A new study has found that certain species may be more intelligent because of their diet. The discovery has thrown into question the scientific consensus that a species’ sociality determines its intelligence.
The scientific community considers primates to be some of the most intelligent animals. Their use of tools and complex cognition sets them apart. Their intelligence and resourcefulness is attributed to their large brains.
For many years, the social brain hypothesis, which states that humans and other primates have big brains because they live in social communities, dictated how scientists thought about evolution and the primate brain.
The social brain hypothesis suggests that the extreme social pressures and complexity of relationships that primates experience ultimately lead to their bigger brains.
Although some studies have shown that primates living in larger group sizes (thus having more complex social settings) have larger brains, other studies that observed how different social structures affect primate brain size have yielded different conclusions,and the accuracy of the social brain hypothesis has been questioned.
But if sociality does not drive the characteristic big-brained evolution of primates, then what does?
Recent findings by a group of anthropologists at New York University (NYU) may provide an answer. Their results, soon to be published in the journal Nature Ecology & Evolution, show that both human and non-human primate brain evolution is mainly influenced by diet.
The researcher team, led by NYU doctoral candidate Alexandra DeCasien and Assistant Professor of Anthropology Scott Williams, conducted a study more extensive than any previous study done on primate brain size. They examined more than 140 primate species, over three times as many as used in previous studies, and included some of the most recent phylogenies (branches in the evolutionary tree).
They tested food consumption and measures of sociality across each of these species, looking at folivores (leaf-eating species), frugivores (fruit-eating species), frugivores/folivores (leaf- and fruit-eating species) and omnivores (leaf-, fruit- and meat-eating species). They examined these groups in the context of varied group sizes, social structures and mating systems.
After controlling for body size and phylogeny, the researchers found that frugivores, frugivores/folivores and omnivores have significantly larger brains than folivores, with frugivores having slightly larger brains than omnivores. Contrary to the social brain hypothesis, sociality does not affect brain size as much as diet does.
The average Hopkins students may be tempted to run to the supermarket and buy food high in protein, but it is not that simple. The researchers at NYU explain that their results do not apply to diet change on an individual level.
That is, there is no association between brain size and the consumption of fruit or protein on an intra-species level. Therefore, eating more fruit and protein as an individual will not increase one’s brain size.
Instead, the evidence they have found is relevant to inter-species diet differences. The fact that some species of primates have larger brains can be explained by the cognitive complexity required by certain species to obtain the foods that they generally eat.

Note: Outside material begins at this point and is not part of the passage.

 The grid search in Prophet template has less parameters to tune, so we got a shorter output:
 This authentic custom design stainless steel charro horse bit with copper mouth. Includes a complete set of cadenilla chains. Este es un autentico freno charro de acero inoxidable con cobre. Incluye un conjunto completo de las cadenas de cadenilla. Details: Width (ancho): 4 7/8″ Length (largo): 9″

For example, lead author DeCasien explains that fruit is less common than leaves because it is grows seasonally.
Therefore, primate species that eat fruit often have to maneuver in tricky places and then strategically remove protective shells or skins.
“Together, these factors may lead to the need for relatively greater cognitive complexity and flexibility in frugivorous species,” she said in a press release.
Although we may not be able to become more intelligent simply by changing our diets, this study has important implications in the fields of anthropology and ecology. Not only does it credibly disprove the long-standing social brain theory, but it also revolutionizes the way scientists will study and view evolution and the brain.